I write from story start to story finish in a
wave of energy beginning with a glimmer of an idea, a realization. I fill in details. I
rewrite with an eye on plot points. What is my real story? Glimmers grow into solid writing craft honed from workshops, reading, and walks of reflection.
Next is the process of editing and more
editing. My trees reminded me of lines not crucial to the direction of my
story. The strong trunk must reach upward with grace. I trimmed off small twigs
that didn’t add to or reflect back on the limbs of plot or subplot details. The
Water Oak showed signs of burn from high temperature winds and drought, perhaps
like my wrong turns in crafting story. Dead sections had to be removed. Uneven
pruning from previous efforts had to be straightened out. Tree cut spots seemed
to disappear from view as focus shifted to clarity of story. Sturdy limbs that
jutted straight out called for a tree swing or a series of bird houses and rewriting.
The art of story begins to reveal itself in
an almost magical flow between writing and breaks to renew my perspective.
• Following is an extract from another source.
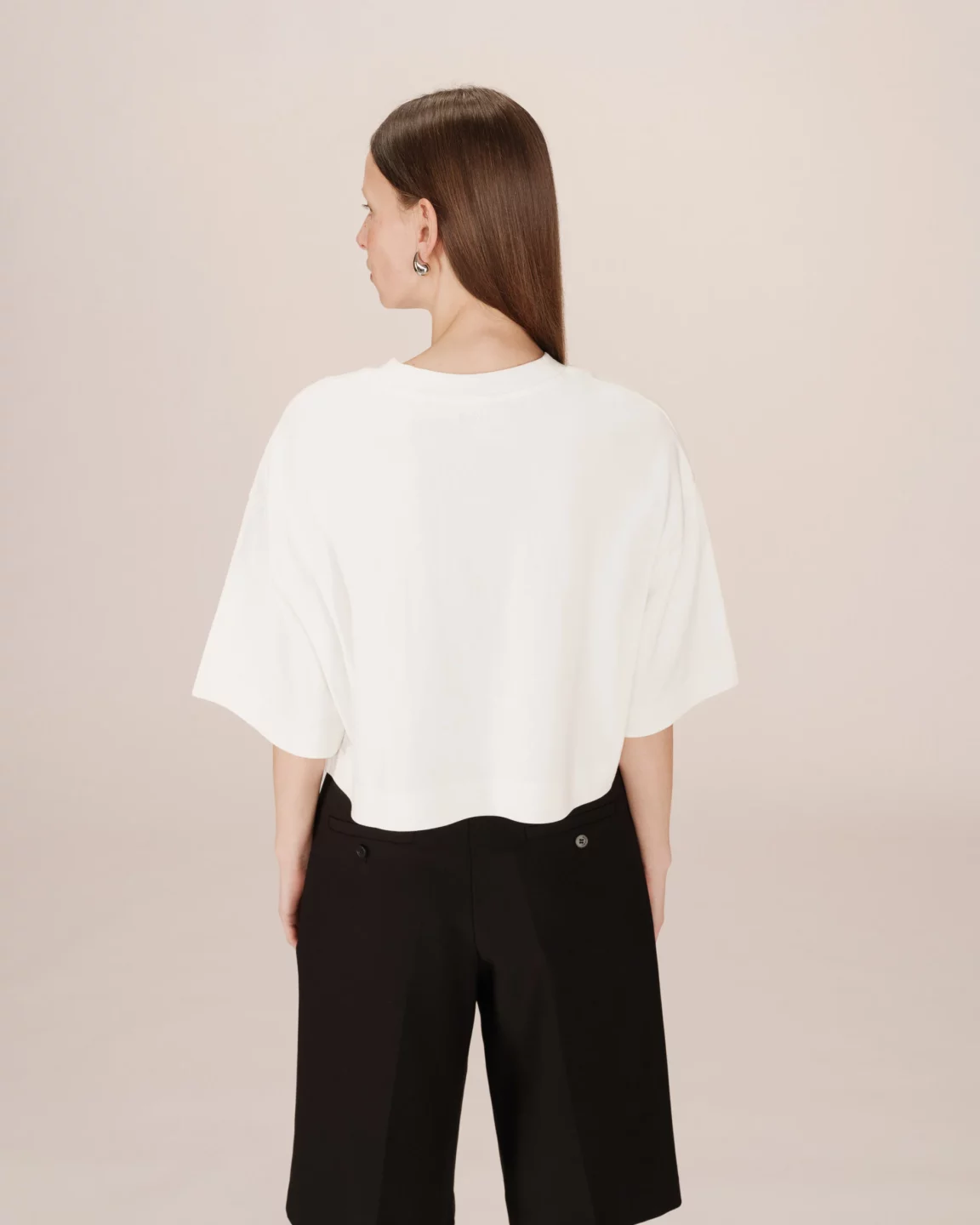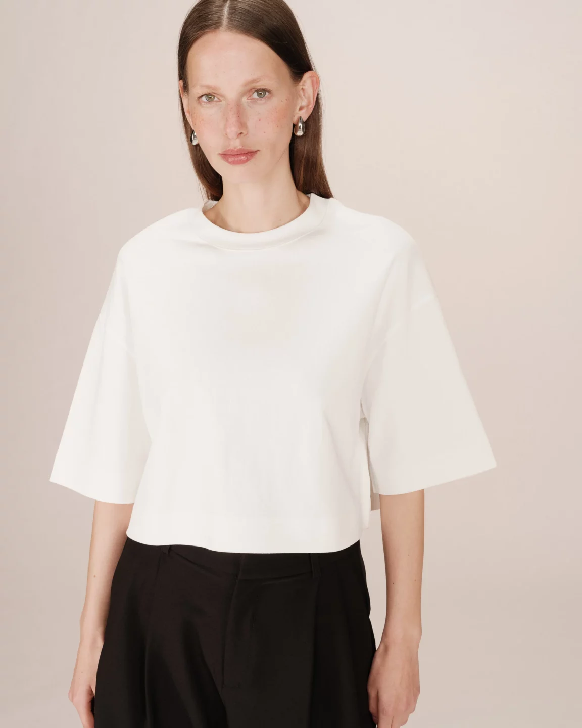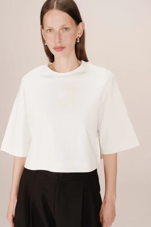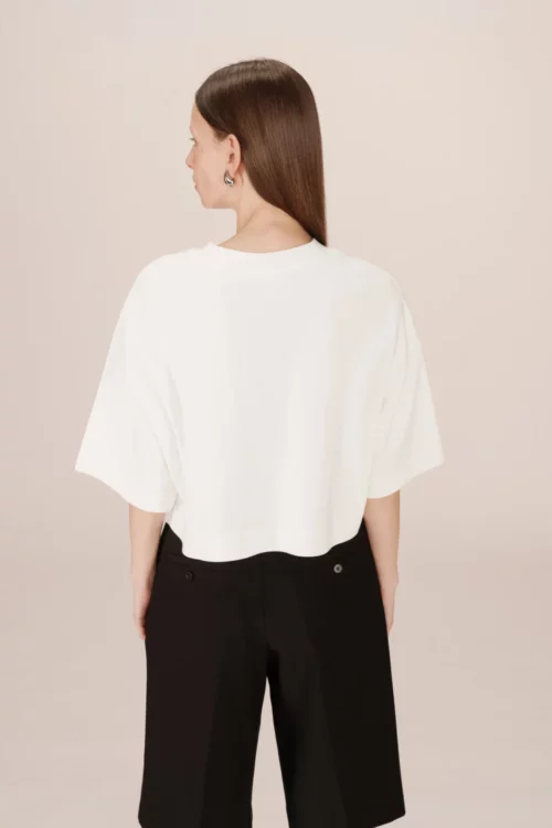 Un must-have nel guardaroba femminile, ideale per chi cerca una t-shirt donna bianca crop comoda, essenziale e sempre alla moda.

A
good story tells me where to go, arching like a Live Oak, or stubbornly pushing
upward as a Post Oak. Editing, like pruning, shows the grace of a story with
all details reflecting back and forth, yet moving to an inevitable climax and
end. Does the story touch the sky?
Nature walks and gardening break up a
writer’s life by sowing new thoughts and renewing the writer’s spirit. Poet
William Wordsworth composed most of his lines in his head while walking around
the Lake District—glimmers of lines in daffodils. My spring is about renewal,
new starts, and finding the art of story while revising my first novel again.